This blog is a part of Caching 101 to Advanced.
As data volumes grow and applications scale, reducing latency and offloading pressure from the database becomes essential. That’s where caching comes in — it’s one of the most effective tools we have to improve performance without drastically changing application logic or infrastructure.
In this blog, we’ll explore common caching strategies. Whether you’re tuning read-heavy analytics dashboards or balancing high-frequency writes, this guide will help you understand when and how to use each caching pattern effectively.
🔍 What Is Database Caching?
Database caching is the process of storing query results, frequently accessed data, or computationally expensive operations in a faster storage layer — typically in-memory — so that future requests can be served quickly without hitting the primary database every time.
Why Cache?
- Reduce load on the primary storage instance
- Improve response times and reduce latency
- Enable scalability during peak traffic
- Save on computational and I/O cost
🧠 Core Caching Strategies
Let’s look at the most common caching patterns used across systems and their pros, cons, and use cases.
1. Cache-Aside (Lazy Loading)
How It Works:
The application first checks the cache.
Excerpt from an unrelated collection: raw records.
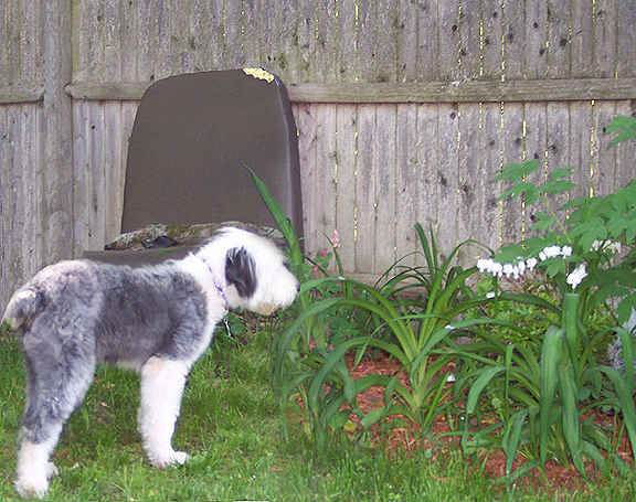 ` When, at long last, they arrived home, Auntie Molly took the puppy out to do his "business".  He sniffed around the entire yard, looking at all the wonderful things.
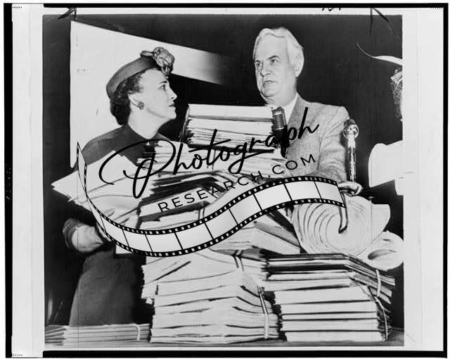 Senator John Bricker,Mrs. Robert Murray,mound of Petitions,1954,treaty-making
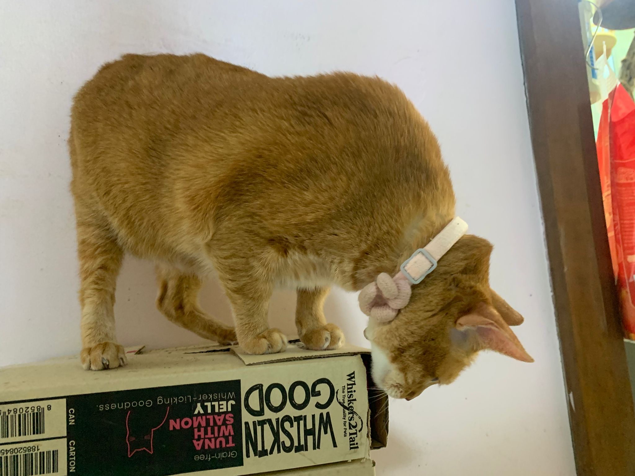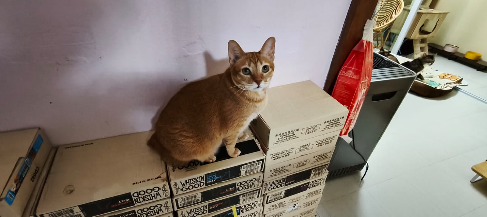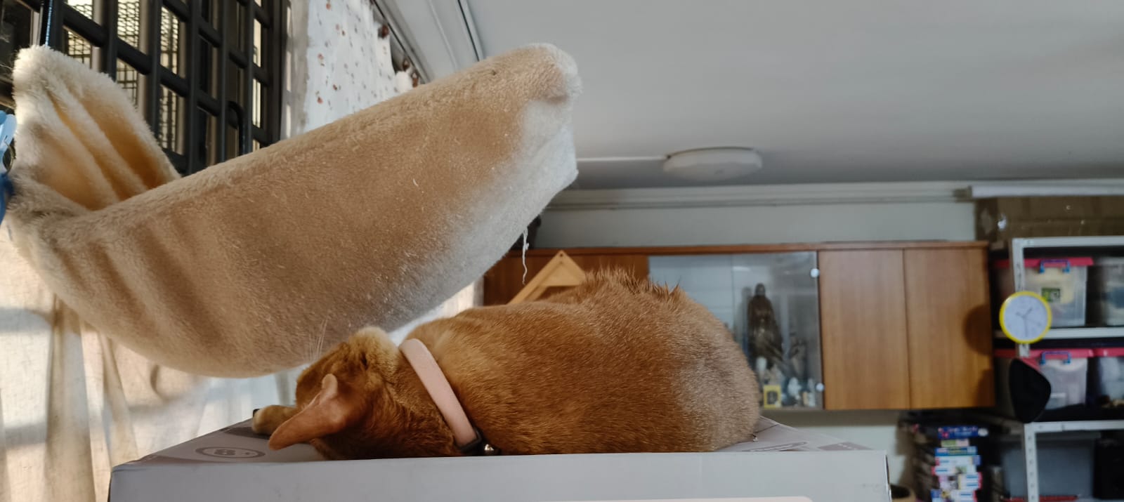 9.16am: Naicha was curious why Bessie can come out to living room to roam. She sit and groom Herself in the box right outside his room
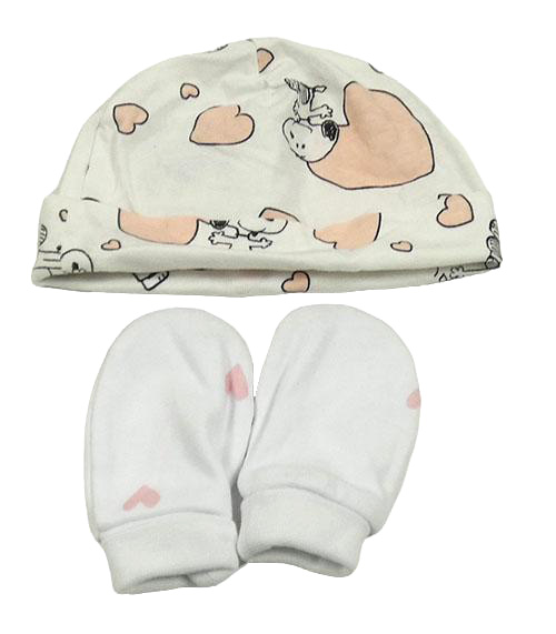 2set - Biela bavlnená čapica so Snoopym a srdíčky + bílé rukavičky so srdcem
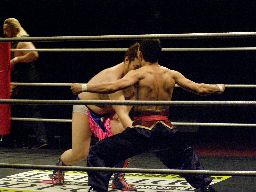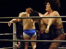 趙雲が「趙家に伝わる四千年の力!」と気を溜めているところをディーノ股間掴む(左写真)。その姿勢のままひきずられる趙雲を見て松井レフェリーも噴き出す、ディーノは坂井にタッチ。
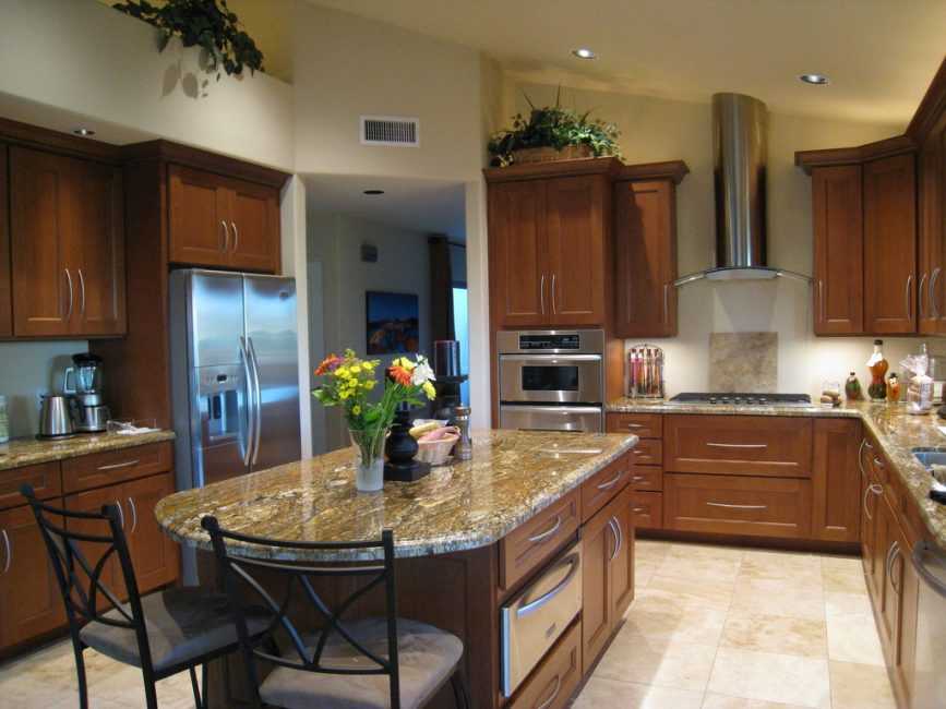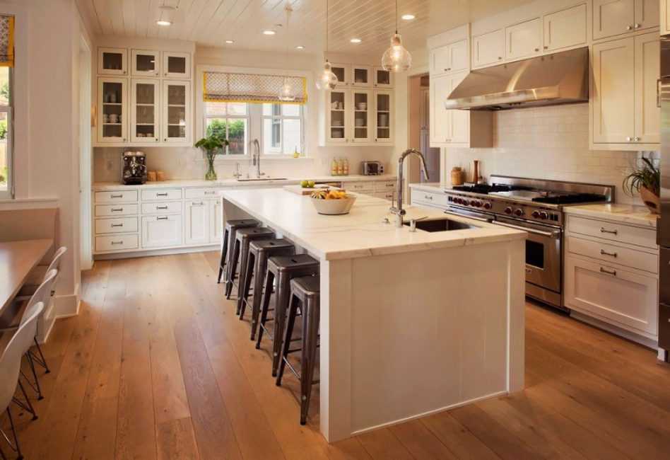 Частный дом – вот где можно дать волю своей фантазии. Большая кухня студия-мечта любой хозяйки. Широкий обеденный стол, за которым легко поместится вся семья. Разнообразие подвесных шкафов, в которые можно поместить все необходимое для кухни. Большая варочная поверхность, на которой можно готовить сразу несколько любимых блюд. Наличие окон в кухне придаст уют. И чем больше их, тем лучше.
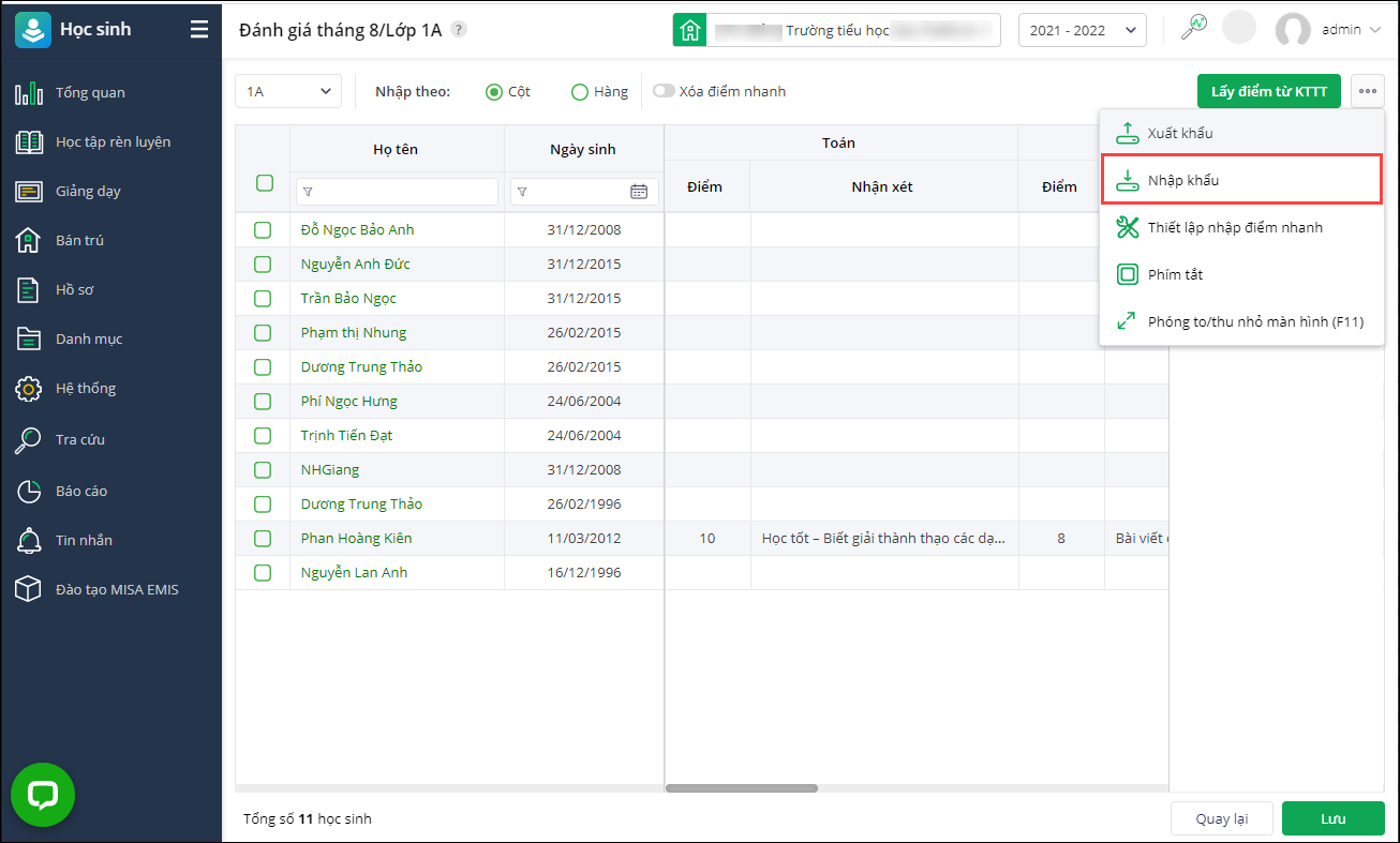 - Tải tệp mẫu đã có dữ liệu lên chương trình. Chọn lớp để nhập khẩu dữ liệu. Nhấn Đồng ý để xác nhận nhập khẩu.

If the data is not present, it fetches it from the database, stores it in the cache, and returns it to the user.

Pros:
- Keeps cache clean — only data that’s accessed gets cached
- Easy to implement
Cons:
- Data can become stale
- Requires manual cache invalidation on writes
Best For:
Read-heavy workloads like product catalogs, user profiles, and dashboards.
2. Read-Through Caching
How It Works:
Reads are always routed through the cache. If the data isn’t there, the cache itself fetches from the database and stores the result transparently.

Pros:
- Centralized logic
- Keeps application code clean
Cons:
- Cache becomes a single point of failure
- Requires tight integration between cache and database
Best For:
Applications with predictable read patterns and the need for cache transparency.
3. Write-Through Caching
How It Works:
All writes go through the cache, data is simultaneously written to both the cache and the underlying database, ensuring that the two systems are always in sync. This approach provides strong data consistency and eliminates the risk of stale data during reads, though it introduces higher write latency because every update must wait for the database to confirm.

Pros:
- Cache and database stay consistent
- Simplifies cache invalidation
Cons:
- Slower writes due to extra hop
- Increased write latency
Best For:
Systems where read/write consistency is critical, such as financial data or access controls.
4. Write-Back (Write-Behind)
How It Works:
Writes go only to the cache; the cache asynchronously writes to the database later (batched or on expiration).

Pros:
- High write performance
- Suitable for bursty workloads
Cons:
- Risk of data loss if cache fails before flushing
- Complex to monitor and debug
Best For:
Analytics, logging systems, or ephemeral counters where eventual consistency is acceptable.
5. Write-Around Caching
How It Works:
Writes bypass the cache entirely and go directly to the database. Only reads populate the cache on a miss.

Pros:
- Prevents cache pollution from write-only data
- Clean separation of read/write paths
Cons:
- First read after a write will always be a cache miss
Best For:
Write-heavy systems with rare reads, such as event logging or archival writes.
🧭 Choosing the Right Caching Strategy
| Scenario | Recommended Strategy |
|---|---|
| High read frequency, infrequent writes | Cache-Aside |
| Strong consistency needed | Write-Through |
| Write-heavy, eventual consistency acceptable | Write-Back |
| Data rarely read after write | Write-Around |
| Low-latency reads with frequent changes | Read-Through |
🧹 Cache Invalidation: The Hard Problem
No matter which strategy you choose, the hardest part of caching is ensuring that stale data doesn’t persist. Common approaches include setting TTLs, using pub/sub to trigger invalidation, tagging and expiring related keys, or clearing the cache on every write. It’s crucial to design cache invalidation logic carefully, especially for data that changes frequently or drives business logic.
🧩 Final Thoughts
Caching is a critical performance lever in modern data systems. As data engineers, understanding these strategies allows us to guide application teams toward solutions that improve speed, reliability, and scalability — without overloading the database.
If you want to read about caching in PostgreSQL please read this post
Each caching pattern comes with trade-offs. The key is to match the right pattern to your workload’s characteristics and to implement it in a way that complements database strengths.